Erik Gratton has played many characters in his career, but playing Buddy, the lead role in “Elf the Musical,” coming to the Boch Center Wang Theatre Nov. 28-Dec. 10, is a special treat. “Spending a couple of hours in Buddy’s mind-set — someone who is happy all of the time — is a pleasure,” said Gratton, 41, who was born in Kansas City, Mo., raised mostly in Kansas, and now lives in Glendale, Calif., with his girlfriend, fellow actor Krista Curry. The show is based on the hit 2003 movie “Elf,” featuring Will Farrell in the role Gratton is playing onstage. While he has performed in and around Boston before, this will be his longest run in the city. “I’m here for two weeks, so I’m looking forward to exploring Boston and seeing some of my best friends who live here,” he said. We caught up with Gratton to talk about all things travel.
Favorite vacation destination? My girlfriend, Krista, and I both travel for work and so many of our trips are to see the other where they’re doing a show. This is ongoing. She’s coming to Boston and New York to see “Elf,” [and] I went to Seattle twice this spring to see her, and before that we spent last winter together doing “Fiddler on the Roof” in Arizona. When we have time together to travel, that means we’re not working — and not making money — so we tend to stay close to home or visit family in Kansas City or California or Seattle. We like the California coast: Pismo, Santa Barbara, [and] San Diego for quick getaways alone.
Favorite food or drink while vacationing? Whatever is good, fresh, and local. I used to tour with rock bands as a chef. With that gig I got a little obsessed with regional foods. Find a local who loves food [and] listen to that local.
Where would you like to travel to but haven’t? I’ve never done anyplace warm outside the contiguous 48. When I’ve gone international, it’s been England, Ireland, Russia, [and] Canada; cloudy and cold atmosphere. They’re beautiful, but I’d like some sun.
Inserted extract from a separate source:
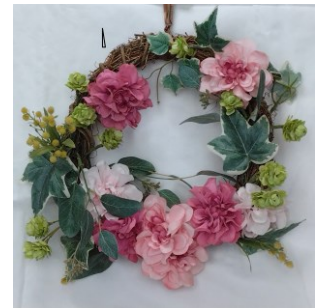
花飾り 故 佐々木正子

言葉足らずの愛を 愛を貴方へ 私は決して今を 今を憎んではない 歪んだ雲が空を 空を濁して 私の夢は全て 全て置いてきたの 命ある日々 静かに誰かを 愛した日々 空が晴れたら 愛を 愛を伝えて 涙は明日の為 新しい花の種
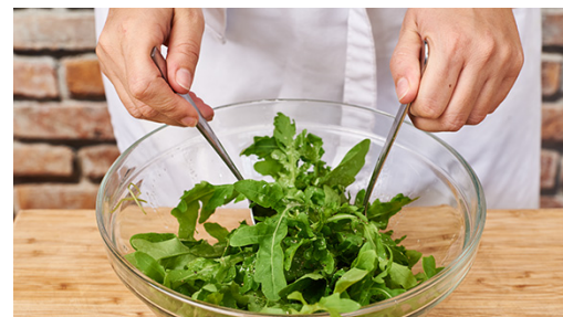
5. Salat zubereiten

Die Gnocchi in einer großen Pfanne mit 2EL Olivenöl bei mittlerer Hitze 4-5Min. anbraten, bis sie von allen Seiten goldbraun sind. Die Gnocchi aus der Pfanne nehmen und beiseitestellen.

There are places I’d love to see on every continent. Most dream trips would likely have multiple destinations. I don’t like stopping in one place for too long, even as a place to live. I did the math for my dad the other day and I’ve had 50 mailing addresses since 2000.
One item you can’t leave home without when traveling? Refillable water bottle. Boring maybe, but key.
Aisle or window? Window. The wall gives me a feeling of being ensconced. It’s the coziest option.
Favorite childhood travel memory? We did family trips in the Pinto station wagon to my grandparents’ farm [in Osceola, Mo.] most weekends, summers, and holidays. It’s only a couple of hours away, but I remember those trips and the stops so vividly. I learned to drive on that route, too. Also, my dad was on a Fulbright to England in 1986. We lived in a small village in Lancashire and that experience was definitely formative.
Guilty pleasure when traveling? I always buy a mystery novel at the airport.
Best travel tip? Leave some unscheduled time to explore — then actually use that time to explore. And do some basic research about the history, food, and politics of where you’re visiting before you get there.